Suppose $\ f$ and $\ g$ are functions and $\ x$ is in both the domain of $\ f$ and the domain of $\ g$. ^a

The sum of $\ f$ and $\ g$, denoted $\ f + g$, is the function defined by the formula
$\ (f+g)(x)=f(x)+g(x)$
The difference of $\ f$ and $\ g$, denoted $\ f − g$, is the function defined by the formula
$\ (f-g)(x)=f(x)-g(x)$
The product of $\ f$ and $\ g$, denoted $\ fg$, is the function defined by the formula
$\ (f g)(x)=f(x) g(x)$
The quotient of $\ f$ and $\ g$, denoted $\ \frac{f}{g}$, is the function defined by the formula
$\ \left(\frac{f}{g}\right)(x)=\frac{f(x)}{g(x)},$

provided $\ g(x) \neq 0$.

^aThus $\ x$ is an element of the intersection of the two domains.

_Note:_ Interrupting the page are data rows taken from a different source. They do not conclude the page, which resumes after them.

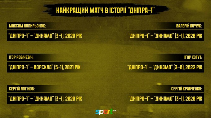 Всі ці варіанти, звісно, цікаві, але більшість респондентів не випадково обрали найкращим матчем в історії «Дніпра-1» – перемогу над «Динамо» з рахунком 3:1 у 2020 році. Бачу в цьому виборі наступну логіку. По-перше, «Дніпро-1» за рівнем виконавців тоді був значно слабшим, а отже, цей результат був цілковитою сенсацією. По-друге, це найкращий матч у кар’єрі Владислава Супряги. По-третє, історичність події. Після нього, «Динамо» зробило жорсткішими правила щодо гри проти себе орендованих гравців.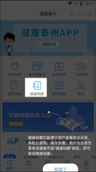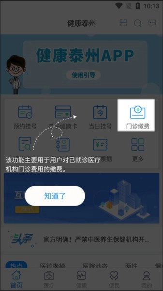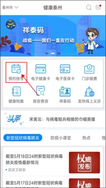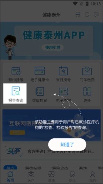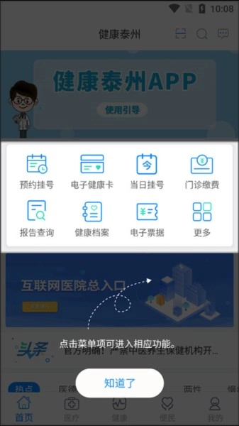 安装好“健康泰州”应用后,打开软件,点击对应的菜单项就能进入相应的功能页面。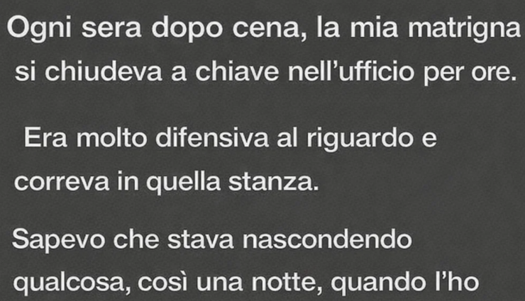 Ogni sera dopo cena, la mia matrigna si chiudeva a chiave nello studio per ore. Era sulla difensiva a riguardo, e correva in quella stanza come se fosse una specie di bunker ad alta sicurezza. Helena aveva sposato mio padre circa tre anni fa e, per la maggior parte, andavamo abbastanza d’accordo. Era gentile, faceva delle lasagne eccezionali e non ha mai cercato di sostituire la mia madre biologica, che era morta quando avevo dieci anni. Ma questo suo rituale notturno stava iniziando a creare una spaccatura tra noi.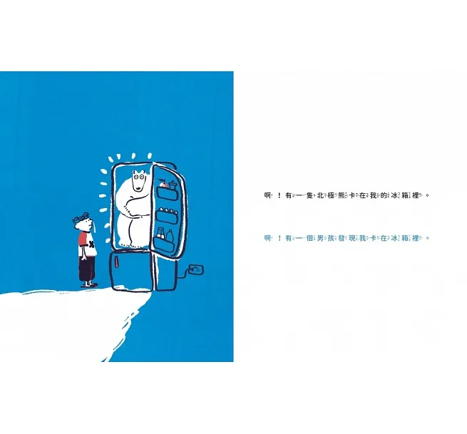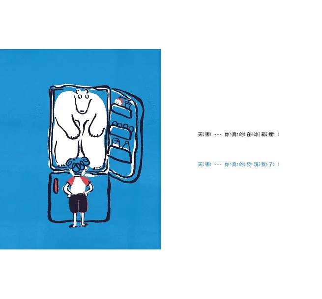 書中最讓人意想不到的一幕,莫過於當男孩發現藏有自己喜愛冰箱竟然藏了一隻北極熊,甚至還有神秘客,一個再日常不過的家電,經過作者的巧妙安排,開啟讀者的想像,讓冰箱宛若像百寶箱,刺激讀者思考還有什麼意外的驚喜可以藏在裡面,或許讀者也能迸出有不一樣的驚喜。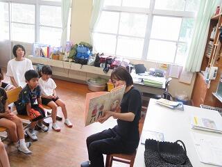 7/10(水)の朝の時間に、5回目の読み聞かせをしていただきました。今回は1年生へは「あかい さんりんしゃ」「かぶとむしは どこ?」、2年生へは「わゴムはどのくらいのびるのかしら?」「ええところ」、3・4年生へは「いいわけサウルス」「まっくろ まっくら」「サク もぐ ごくん」、5・6年生へは「勇気の花がひらくとき」「チリンのすず」を読み聞かせしていただきました。どの児童も食い入るように読み聞かせを聞いていました。今回で1学期の読み聞かせは最後になりました。また2学期からの読み聞かせをしていただけるとのこと、まことにありがとうございます。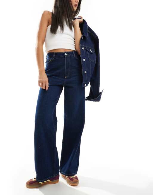 New Look Adalae high waisted wide leg jeans in dark blue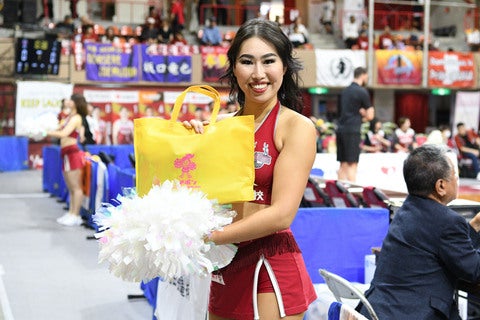 試合開始前の応援練習をがんばってくれた方に、チアポン様ご提供のポンポンをバンビーナスよりプレゼント(各日4名様)!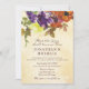 Christian inspirational fall wedding invitation depicts a beautiful rustic autumn watercolor floral with purple, burnt orange and yellow flowers and greenery. It features Bible Verse Genesis 2:24, "And the two shall become one."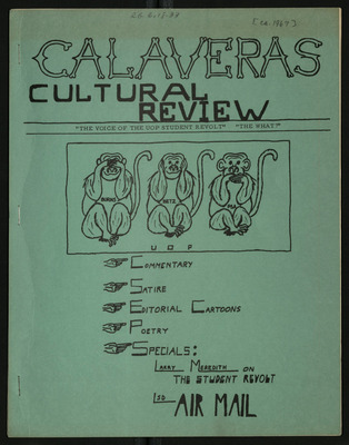 "The Calaveras Cultural Review is the official satire and commentary magazine of the Pacific Student Association"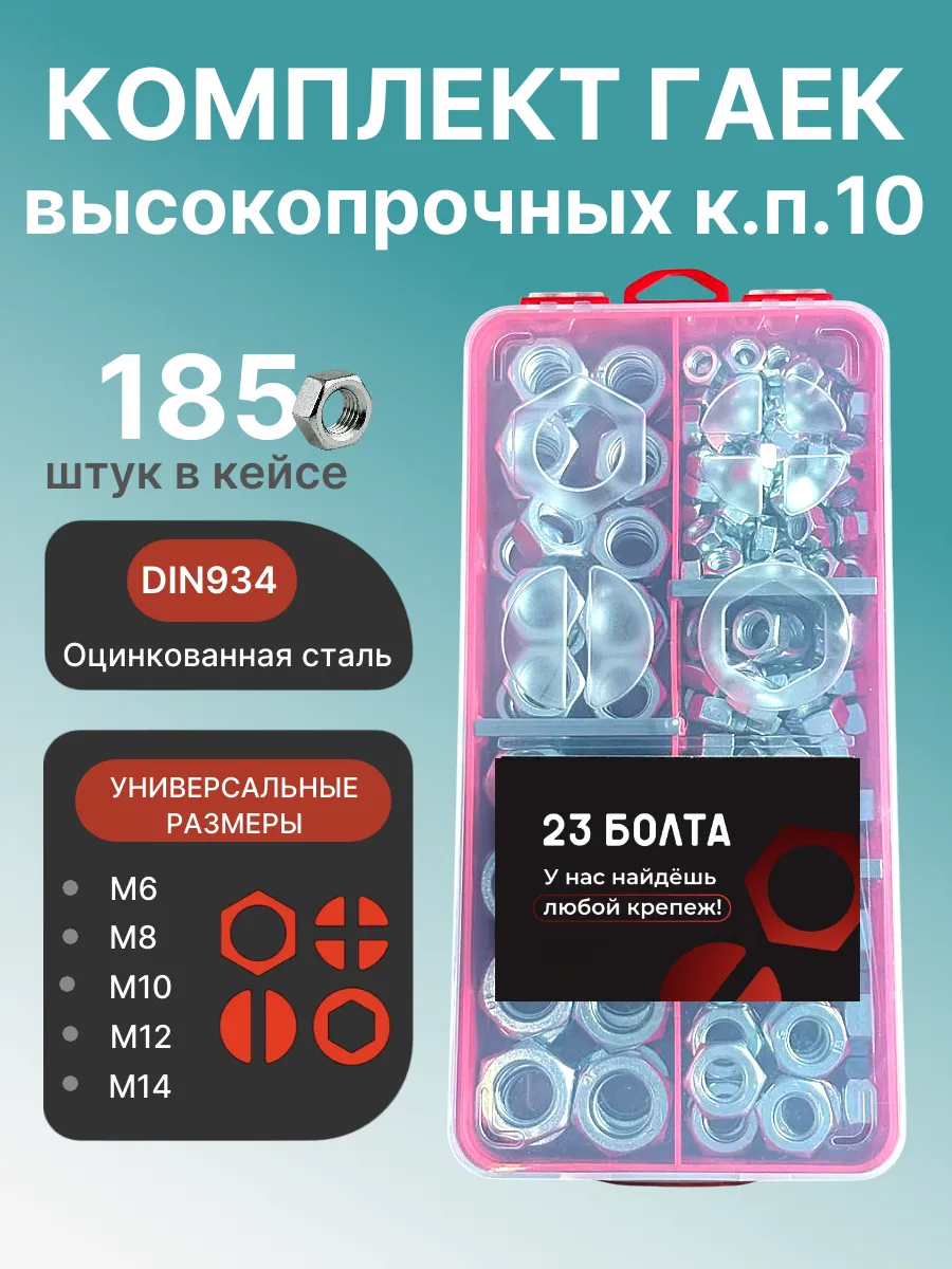 Гайки к.п.10 ОЦ DIN934 М6,8,10,12,14 в органайзере НАБОР 1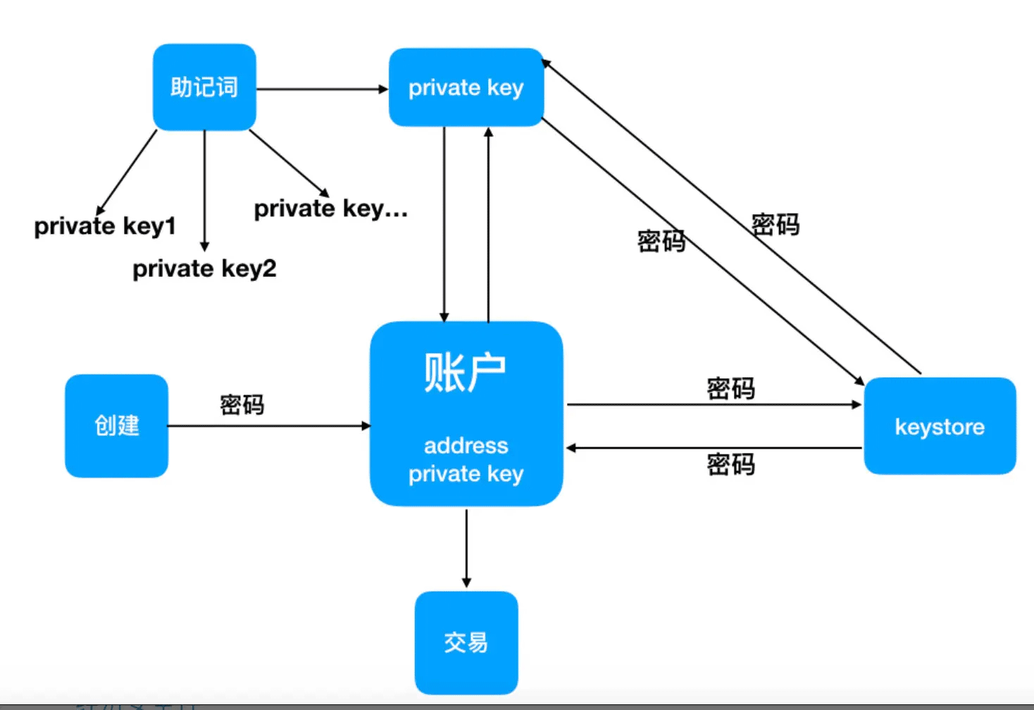 - Keystore + 密码 = 私钥:只有同时拥有Keystore文件和它的密码,才能还原出私钥,掌控资产。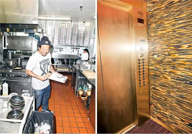 崔在Pot餐厅的厨房里;电梯令人眩晕的内部照片由范·罗宾逊拍摄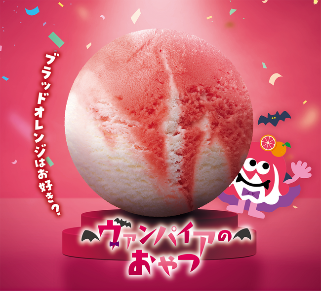 真っ赤なブラッドオレンジソルベでヴァンパイア気分!グランマニエ香るアイスクリームとの相性も抜群で、ヴァンパイアもみんなも大好きな“おやつ”の完成♪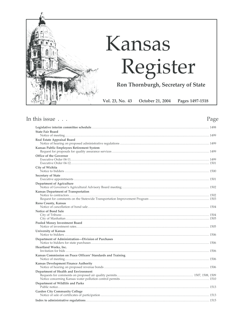 Vol. 23, No. 43In this issue. . . October 21, 2004Pages 14971518PageLegislative interim committee schedule. . . . . . . . . . . . . . . . . . . . . . . . . . . . . . . . . . . . . . . . . . . . .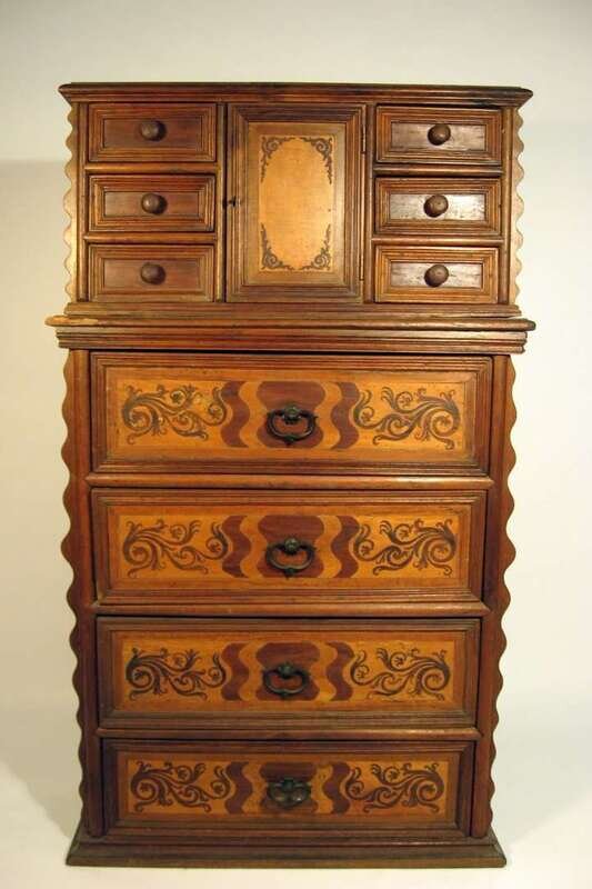 In two parts; the upper section with a central cupboard door flanked by banks of three drawers; the lower section with four foliate inlaid drawers, with wavy molded corners, on a molded base.

In other words, to add two functions, we add their outputs; to subtract two functions, we subtract their outputs, and so on. Note that while the formula $\ (f + g)(x) = f(x) + g(x)$ looks suspiciously like some kind of distributive property, it is nothing of the sort; the addition on the left hand side of the equation is function addition, and we are using this equation to define the output of the new function $\ f + g$ as the sum of the real number outputs from $\ f$ and $\ g$.

Example 1.5.1

Let $\ f(x)=6 x^{2}-2 x$ and $\ g(x)=3-\frac{1}{x}$.

Find $\ (f+g)(-1)$
Find $\ (f g)(2)$
Find the domain of $\ g − f$ then find and simplify a formula for $\ (g − f)(x)$.
Find the domain of $\ \left(\frac{g}{f}\right)$ then find and simplify a formula for $\ \left(\frac{g}{f}\right)(x)$.

Solution

To find $\ (f+g)(-1)$ we first find $\ f(−1) = 8$ and $\ g(−1) = 4$. By definition, we have that $\ (f + g)(−1) = f(−1) + g(−1) = 8 + 4 = 12$.
To find $\ (fg)(2)$, we first need $\ f(2)$ and $\ g(2)$. Since $\ f(2) = 20$ and $\ g(2)=\frac{5}{2}$, our formula yields $\ (f g)(2)=f(2) g(2)=(20)\left(\frac{5}{2}\right)=50$.
One method to find the domain of $\ g−f$ is to find the domain of $\ g$ and of $\ f$ separately, then find the intersection of these two sets. Owing to the denominator in the expression $\ g(x)=3-\frac{1}{x}$, we get that the domain of $\ g$ is $\ (-\infty, 0) \cup(0, \infty)$. Since $\ f(x)=6 x^{2}-2 x$ is valid for all real numbers, we have no further restrictions. Thus the domain of $\ g − f$ matches the domain of $\ g$, namely, $\ (-\infty, 0) \cup(0, \infty)$.
A second method is to analyze the formula for $\ (g − f)(x)$ before simplifying and look for the usual domain issues. In this case

$\ (g-f)(x)=g(x)-f(x)=\left(3-\frac{1}{x}\right)-\left(6 x^{2}-2 x\right),$

so we find, as before, the domain $\ (-\infty, 0) \cup(0, \infty)$.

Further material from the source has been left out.